Reactive Oxygen Species Mediate Decreased Pulmonary Arterial Smooth Muscle Cell Membrane Cholesterol Following Chronic Hypoxia

Pulmonary arterial constriction and remodeling resulting from chronic hypoxia (CH) lead to increased pulmonary vascular resistance and resultant pulmonary hypertension (PH) in patients with chronic obstructive pulmonary diseases, sleep apnea, or in residents at high altitude. Recent studies from our laboratory have demonstrated a novel paradigm of CH‐induced vasoconstriction and PH mediated by an epidermal growth factor receptor‐NADPH oxidase 2‐RhoA Ca 2+ sensitization pathway in pulmonary arterial smooth muscle cells (PASMCs). We have further demonstrated a central role for decreased PASMC membrane cholesterol in this response. However, the mechanism by which CH lowers cholesterol is unknown. Since CH has an effect to both increase reactive oxygen species (ROS) in PASMC and decrease membrane cholesterol, we hypothesized that elevated ROS production during CH diminishes PASMC membrane cholesterol. To test this hypothesis, PASMC were collected from control and CH Sprague Dawley Rats (4 wk, P B = 0.5 atm, N=7‐9/group). After 3 days in cell culture, PASMC were treated with the ROS scavengers Tiron (10 mM), EUK‐134 (EUK) (10 mM), or their respective vehicles for 30 minutes. PASMC membrane cholesterol was quantified with the fluorescent cholesterol marker filipin (50 mg/ml) via confocal microscopy. A two‐way ANOVA was used to make comparisons and if differences were detected, individual groups were compared using the Tukey's multiple comparisons test.
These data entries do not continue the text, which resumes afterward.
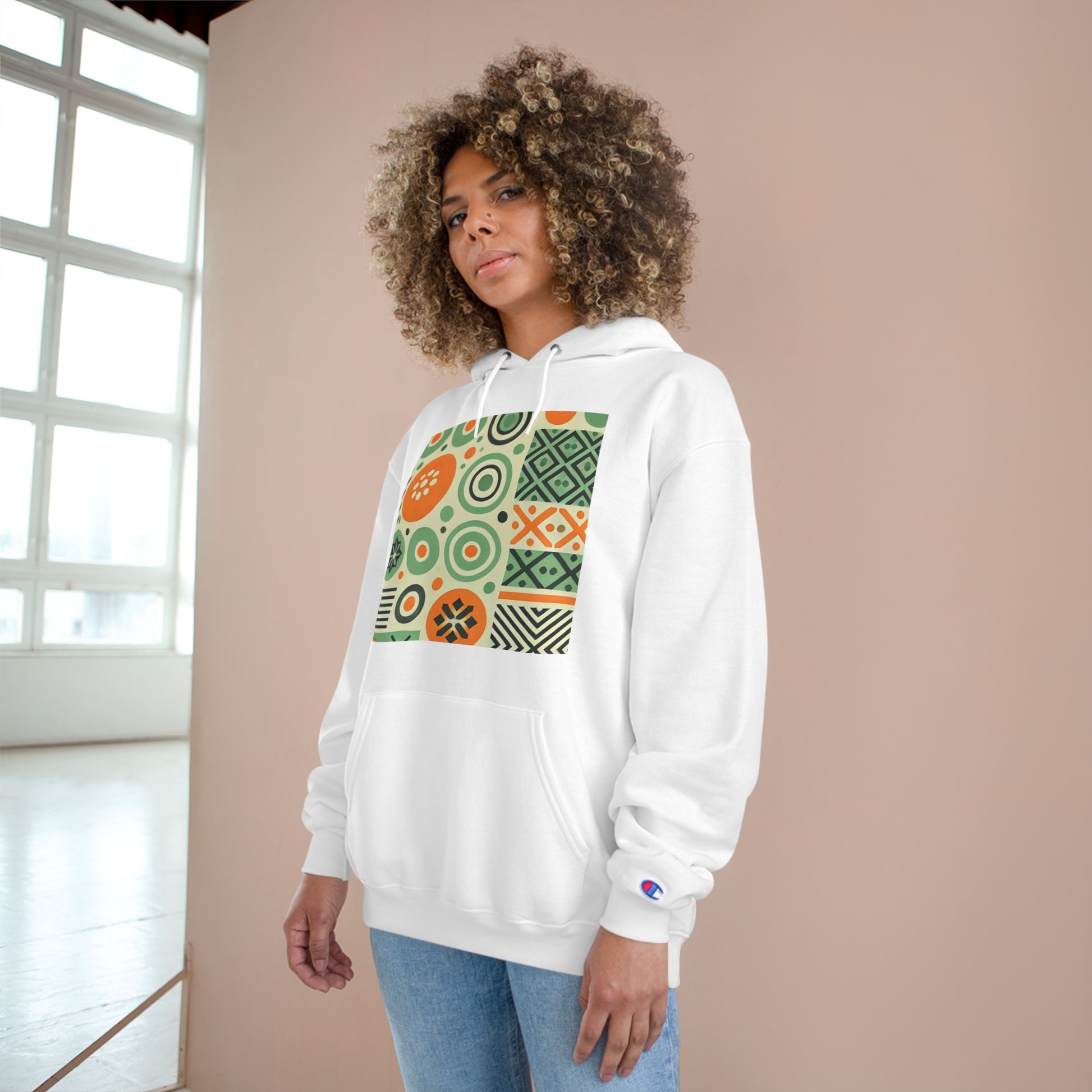 Step into the Whatever Clothing universe with our Geometric Shapes: Floral Orange Vibe hoodie, a unique expression of your world in wearable art. This piece is a nostalgia-drenched journey back in time with a retro-inspired pattern that screams creativity. Bursting with circles, squares, and chevrons in vibrant shades of green and orange, it's a tribute to the bold and the beautiful, designed for those who dare to be different.
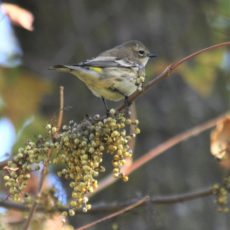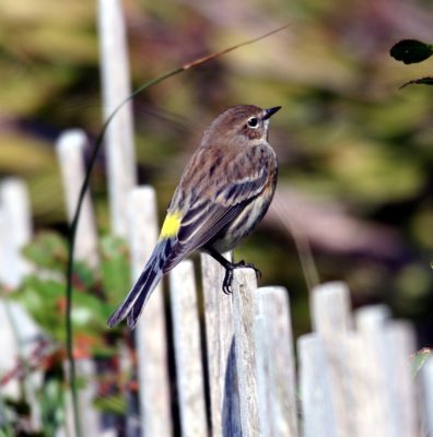 The fall plumage is different from their spring plumage (adding to the concept of ‘confusing fall warblers’). Both male and female sport the yellow rump (and are sometimes called ‘butter-butts’).
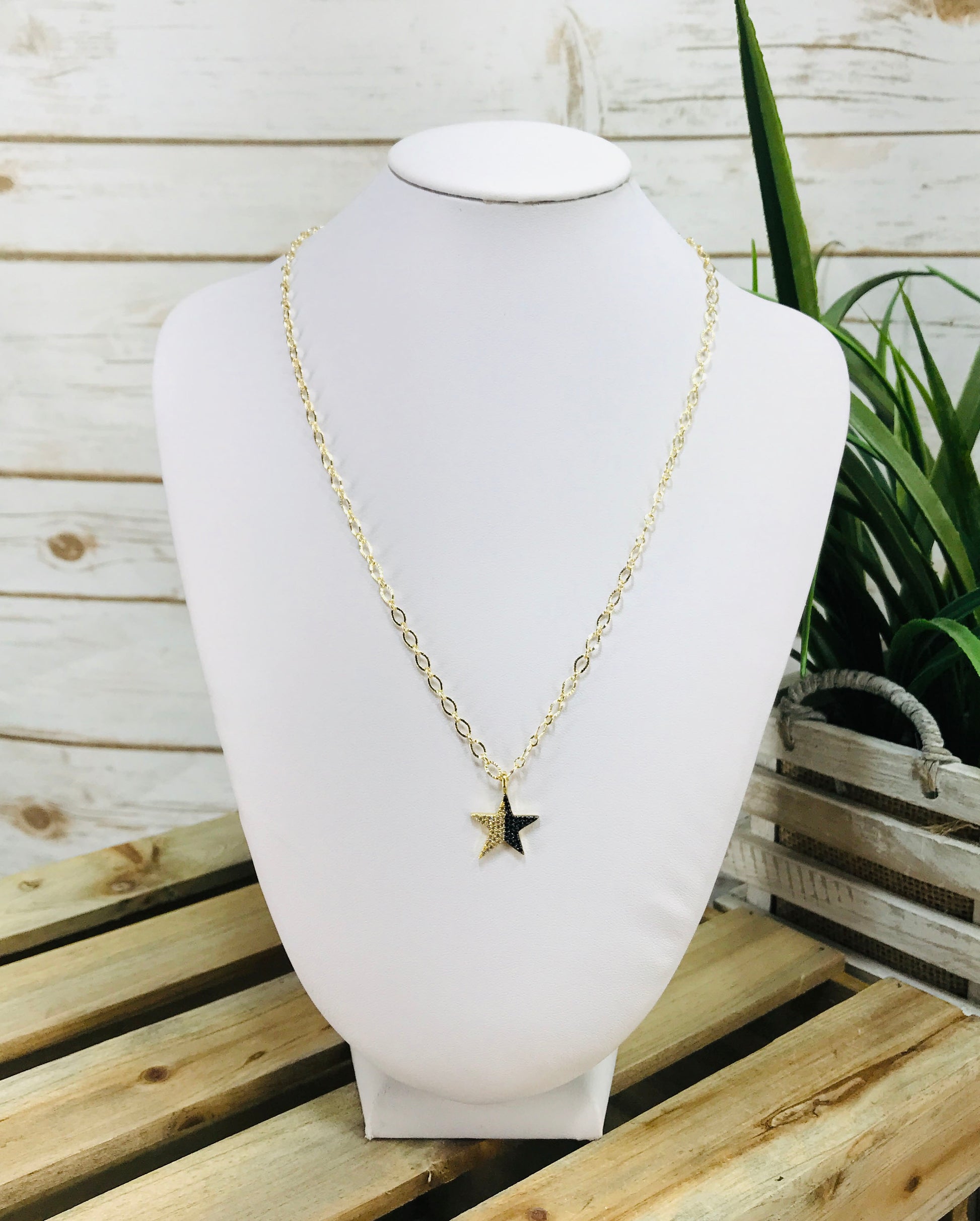 18" Gold Tone 14K Chain with Clear & Black Pave Star Pendant Necklace.

A probability of P < 0.05 was considered significant for comparisons. In agreement with our hypothesis, the CH‐dependent reduction in PASMC membrane cholesterol was acutely reversed following treatment with the ROS scavengers Tiron ( Figure 1A ) and EUK ( Figure 1B ). We conclude that ROS mediate CH‐dependent decreases in PASMC membrane cholesterol following CH exposure. These findings may provide a mechanistic basis by which CH links vasoconstrictor stimuli to EGFR signaling and resultant pulmonary hypertension. Future directions will explore the mechanism by which ROS mediate this response, including cholesterol oxidation or dysregulation of membrane cholesterol trafficking.